Eisenmangelanämie
Was ist eine Eisenmangelanämie?
Die Eisenmangelanämie gehört zu den häufigsten Ursachen einer Blutarmut (Anämie). Weltweit sind circa 30 Prozent der Bevölkerung davon betroffen. Aufgrund eines Mangels an Eisen kann der Körper nicht ausreichend roten Blutfarbstoff (Hämoglobin) herstellen. Hämoglobin ist ein großes, ringförmig aufgebautes Molekül, in dessen Mitte Eisen eingebunden ist. Die Aufgabe des in den roten Blutkörperchen befindlichen Hämoglobins ist es, Sauerstoff zu binden und bei Bedarf an die Zellen des Körpers abzugeben. Hämoglobin ist sozusagen der Sauerstofftransporter im menschlichen Blut. Ohne Eisen kann das Hämoglobin seinen Zweck nicht erfüllen.
Ursachen
Ein Eisenmangel ensteht, wenn der Eisenbedarf höher ist als die -aufnahme. Die häufigste Ursache in Europa ist ein chronischer Blutverlust. Mit zwei Milliliter Blut geht ein Milligramm Eisen verloren. Weniger häufige Ursachen sind eine Störung der Eisenaufnahme oder eine unzureichende Zufuhr mit der Nahrung.
1. Chronischer Blutverlust
Mögliche Ursachen sind unter anderem:
- Blutungen im Magen-Darm-Trakt gehören zu den häufigsten Ursachen einer Eisenmangelanämie bei Männern und bei Frauen nach den Wechseljahren. Sie können sich aufgrund einer Magenschleimhautentzündung (Gastritis), von Magen-Darm-Geschwüren (Ulkuskrankheit) oder Hämorrhoiden entwickeln. Auch Krebs im Magen-Darm-Trakt kann zu Blutungen führen. Weltweit ist die häufigste Ursache eines chronischen Blutverlustes über den Magen-Darm-Trakt eine Infektion mit einem Parasiten, dem sogenannten Hakenwurm. In Europa kommt dies praktisch nicht vor, die Infektion betrifft vor allem Menschen in den Tropen und Subtropen. Bei einer Eisenmangelanämie nach einem Auslandsaufenthalt sollte allerdings auch an eine solche Diagnose gedacht werden.

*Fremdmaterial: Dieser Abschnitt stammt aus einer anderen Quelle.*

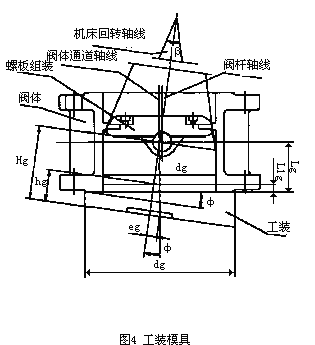 从图4得知,将工件倾斜一个φ角度,车刀旋转ψ角度。车刀旋转β/2角度。工装中机床工作面至夹具中心高Hg和机床回转中心线至阀体通道中心线的距离eg是两个非常关键的参数,计算如下
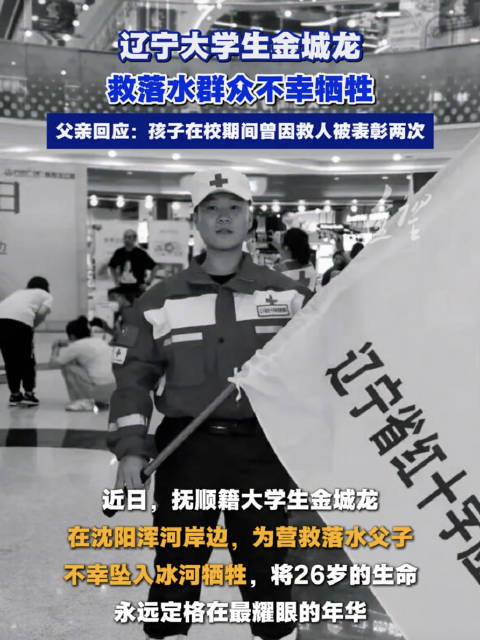 近日,遼寧撫順籍大學生金城龍在瀋陽渾河岸邊,爲營救落水父子,義無反顧踏上冰面施救,26歲的熱血生命永遠定格在這場勇敢的奔赴中。

- Blutungen aus den Harnwegen und den Geschlechtsorganen und insbesondere der Verlust von Eisen mit der Regelblutung (Menstruation) sind die häufigste Ursache für einen Eisenmangel bei jungen Frauen. Im Rahmen einer Regelblutung verliert der Körper circa 50 Milliliter Blut, diese Menge entspricht einem monatlichem Eisenverlust von 25 Milligramm. Knapp 15 Prozent der Frauen haben zudem eine verstärkte Menstruation und sind besonders gefährdet, einen Eisenmangel zu entwickeln. Aber auch Myome in der Gebärmutter und Krebs (zum Beispiel Nierenzellkarzinome oder Blasentumoren) können zu Blutungen führen. Eine Hämoglobinurie, also eine Ausscheidung des roten Blutfarbstoffes über den Urin als Folge eines gesteigerten Abbaus oder Zerfalls der roten Blutkörperchen, ist ebenfalls eine nicht außer Acht zu lassende Ursache. Ihr können verschiedene Erkrankungen, unter anderem eine paroxysmale nächtliche Hämoglobinurie, zugrundeliegen.
- Im Rahmen der Dialyse verlieren Menschen mit Nierenerkrankungen knapp 2,5 Liter Blut pro Jahr.
- Blutverlust im Rahmen von Operationen oder durch Blutspende
- Blutverluste über die Atemwege
- chronisches Zahnfleisch- oder Nasenbluten
- selbstzugefügte Blutungen, zum Beispiel bei Münchhausen-Syndrom
2. Zu geringe Eisenzufuhr
Eine ungenügende Zufuhr von Eisen mit der Ernährung kann zum Beispiel bei zu einseitiger fleischfreier Kost oder zu einseitigen Diäten entstehen. Betroffen sind vor allem Säuglinge, Kleinkinder, Vegetarier, Menschen mit Essstörungen und Alkoholiker.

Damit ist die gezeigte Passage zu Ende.